Al rebufo de Ceuta, las relaciones entre Felipe VI y Pedro Sánchez no pueden ser peores.
Las relaciones entre Pedro Sánchez y Ana Botín se han quedado en la famosa frase del presidente del Gobierno: "Si estamos haciendo lo contrario que Botín es que vamos bien". La verdad es que la presidente del Santander no soporta al presidente del Gobierno pero eso es algo común entre personas de la más variada condición.
Lunes por la mañana: se estrena la colección de obras pictóricas del Banco Santander, en la antigua sede social de la entidad, en la capital cántabra, en el Paseo de Pereda, allí donde está colgado El Lechuga y su cuadrilla. O lo estaba cuando era el despacho de Emilio Botín López y de Emilio Botín Ríos.
Ahora, se ha convertido en museo, con obras de Rubens, el Greco, Goya, y siga ustedes contando. Un señor museo en una ciudad de provincias.
Lo curioso es que lo ha inaugurado el Rey Felipe VI y tan sólo estaba presente un miembro del Gabinete, en calidad de ministro de guardia para los viajes regios.
Y aún más curioso es que la RTVE de José Pablo López, la voz del amo monclovita se haya cuidado en sus informativos de presentarnos al monarca viendo cuadros pero no a las muchas instantáneas que el jefe del Estado comparte con Ana Botín. La relación ente ambas familias, Borbón y Botín, siempre ha sido excelente, tanto entre don Juan Carlos y Emilio Botín como por la amistad que une a la Reina Sofía con la madre de la presidente del Santander, Covadonga O'Shea, que también estaba en el acto.
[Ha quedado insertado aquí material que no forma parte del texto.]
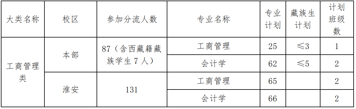 3.生源地为西藏自治区的藏族学生(包括西藏内地高中班录取学生)人数不占大类内各专业名额指标,分流指标单列。

¿Una coincidencia sin mayor importancia? Me temo que no. En Hispanidad ya hemos dicho que el Ibex 35 espera con entusiasmo la caída de Pedro Sánchez, pero aquí no se mueve nadie. El destino, o mejor, la colección pictórica de los Botín, ha servido para reunir, y con no escaso entusiasmo, a dos de los personajes que más odia don Pedro en el momento presente: al que más, al jefe del Estado, pero también a una empresaria de renombre internacional que lleva años esquivándole... porque no se fía de él.
Pedro, que te estás quedando sólo, aunque el siempre dice que mejor sólo que mal acompañado. Sánchez busca ahora el voto de los comunistas y el de la España rota, la de los nacionalistas que pretenden destruir el país. Con ese Frente Popular -socialistas, comunistas y separatistas- ha ido aguantando durante ocho años.
En todo caso, si el presidente no tiene quién le escriba... tampoco le importa.